Osman stressed that: “The daily support provided for diesel causes the state to lose 450 million pounds per day, and if we add the support for gasoline and the support for fuel supplied to electricity, the support exceeds one billion pounds per day, and this is a terrifying number,” he said.
Media outlets quoted an unnamed Egyptian official as saying that the government is seeking to save 36 billion pounds from the recent fuel price hike, but observers confirmed that the losses to the production sectors will be much greater than that.
The increase is long overdue.
Mohamed El-Geblawy, a member of the Egyptian parliament’s energy committee, told the BBC: “The pricing committee approved fuel price increases based on a review and in accordance with global increases in fuel prices, and the Egyptian state must proceed in parallel with global increases.”

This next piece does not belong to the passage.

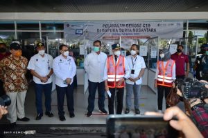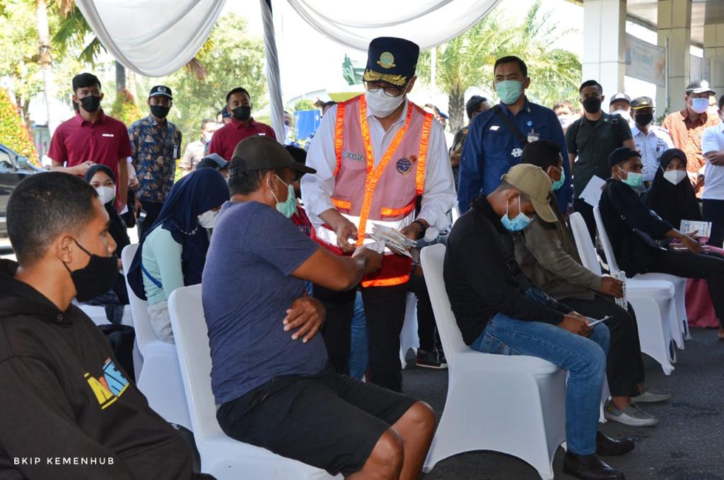 Pada kesempatan yang sama Menhub juga membagikan masker kepada para penumpang serta meninjau penerapan GeNose di Pelabuhan Tanjung Perak.

Al-Jablawi downplayed the impact of the new increases on the current situation in the country, saying, “We do not deny that some people are exploiting this increase to double the prices of goods and services such as transportation and food products, and therefore the government is required to strictly monitor this.”
Al-Gablawi concluded by saying, “This increase was delayed a lot due to the state of tension in the Egyptian street due to the large increases in the prices of goods and services and the harm that people suffered from that, but this increase was necessary.”